Abstract: TH-PO611
A Case of Lesch-Nyhan Syndrome in an Adult Presenting with AKI
Session Information
- Fellows/Residents Case Reports: Genetic Diseases, Pregnancy, Monoclonal Gammopathy
November 02, 2017 | Location: Hall H, Morial Convention Center
Abstract Time: 10:00 AM - 10:00 AM
Category: Nephrology Education
- 1302 Fellows and Residents Case Reports
Author
- Cho, A young, Presbyterian Medical Center, Jeonju, Korea (the Republic of)
Background
Lesch-Nyhan syndrome (LNS) is a rare X-linked disorder caused by a deficiency of the enzyme hypoxanthine-guanine phosphoribosyl transferase (HPRT) and underlying HPRT gene mutations.

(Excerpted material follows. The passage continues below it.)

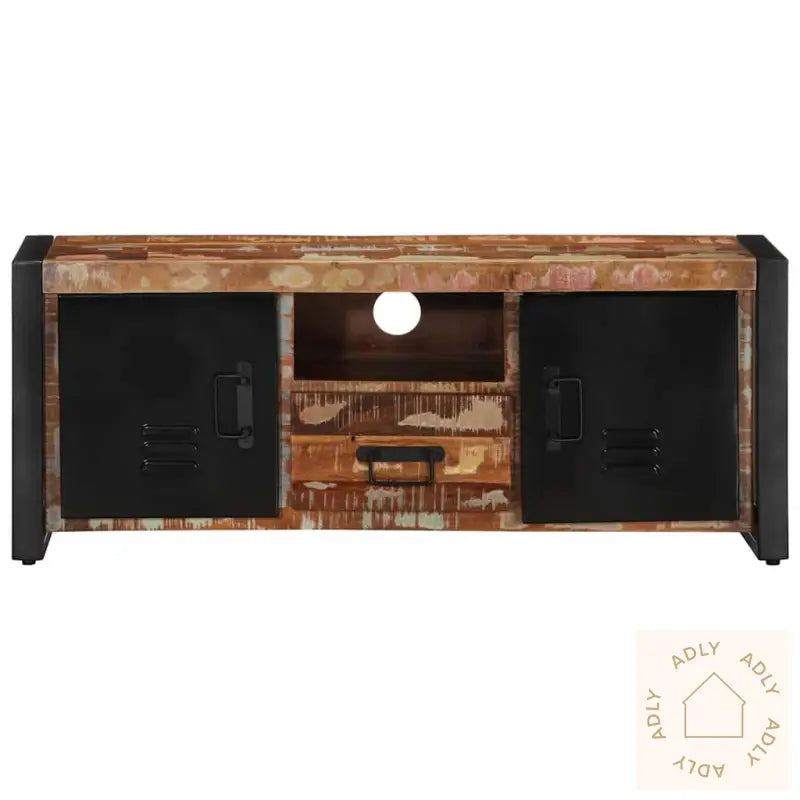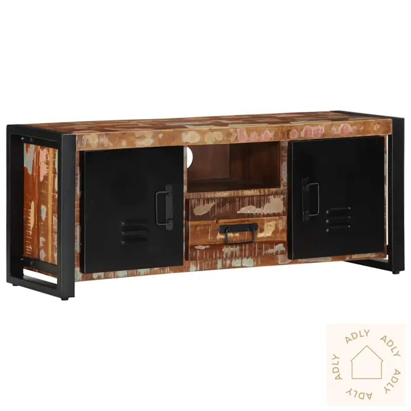Solid bordplate: Den stabile toppen gir god plass til både TV, stereoanlegg og pyntegjenstander som vaser eller potteplanter – perfekt for å fremheve din personlige stil i interiøret.Farger: svart og brunMaterialer: gjenvunnet heltre, jernMål: 100 x 30 x 40 cm (L x B x H)Med 2 dører, 1 hylle og 1 skuffMontering kreves: ja

When the enzyme HPRT is nonfunctional, substrates accumulate and are converted to uric acid by the action of xanthine-oxidase. LNS diagnosis is based on clinical symptoms and hyperuricemia, together with neurological evaluation of mental function, molecular testing for pathogenic mutations, and enzymatic analysis for HPRT function.
Methods
We report a case of LNS in a 26-year-old man, who presented with acute kidney injury and excessive hyperuricemia. He had a 7-year history of gout. He had tophectomy for gouty arthritis on left ankle 3 months ago and was taking aceclofenac (NSAID) from then on. He had a 3-year history of dystonia. Mutation analysis and enzyme assay revealed a mutation of exon 3 of the HPRT gene (c.295T>G (p.Phe99Val)) and total deficient HPRT confirming the diagnosis of LNS. His renal function and serum uric acid level improved after hydration and allopurinol treatment.
Conclusion
The diagnosis of LNS in adults is extremely rare. We report a case of LNS in a 26-year old man, who presented with acute kidney injury and excessive hyperuricemia, with molecular diagnosis.